Find the centroid of the lamina bounded by the graph of \(y=f(x)=x^{2}+1\), the \(x\)-axis, and the lines \(x=-2\) and \(x=2\).

Solution Figure 73(a) shows the graph of the lamina.

We notice two properties of \(f\).

The graph of \(f\) is symmetric about the \(y\)-axis, so by the symmetry principle, \(\bar{x}=0.\)

\(f\) is an even function, so \(\displaystyle \int_{-2}^{2}f(x) ~{\it dx}=2\displaystyle \int_{0}^{2}f(x) ~{\it dx}\).

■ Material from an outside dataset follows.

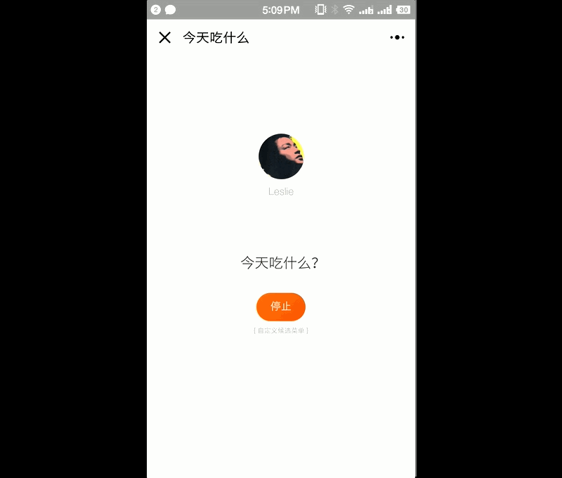 快,按「停止」,它就随机帮你选择了今天要吃的食物。

The area \(A\) of the region is \begin{equation*} A=2\displaystyle \int_{0}^{2}( x^{2}+1) ~{\it dx}=2\left[ \dfrac{x^{3}}{3} +x \right] _{0}^{2}=2\left( \dfrac{8}{3}+2\right) =\dfrac{28}{3}\ \end{equation*} Using (2), we get \begin{eqnarray*} \bar{y} &=&\dfrac{1}{2A}\displaystyle \int_{a}^{b}[ f(x) ] ^{2}\,{\it dx}=\dfrac{1}{2A}\displaystyle \int_{-2}^{2}[f(x)] ^{2}\,{\it dx}=\dfrac{1}{2A} \cdot 2\displaystyle \int_{0}^{2}[f(x)] ^{2}\,{\it dx}\\[5pt] &=&\dfrac{3}{28}\displaystyle \int_{0}^{2}( x^{2}+1) ^{2}\,{\it dx}=\dfrac{3}{28}\displaystyle \int_{0}^{2}( x^{4}+2x^{2}+1) ~{\it dx} \\[5pt] &=&\dfrac{3}{28}\left[ \dfrac{x^{5}}{5}+\dfrac{2x^{3}}{3}+x\right] _{0}^{2}= \dfrac{3}{28}\left( \dfrac{32}{5}+\dfrac{16}{3}+2\right) =\dfrac{103}{70} \approx 1.471 \end{eqnarray*}

The centroid of the lamina, as shown in Figure 73(b), is \(( \bar{x},\bar{y}) =\left( 0, \dfrac{103}{70}\right) .\)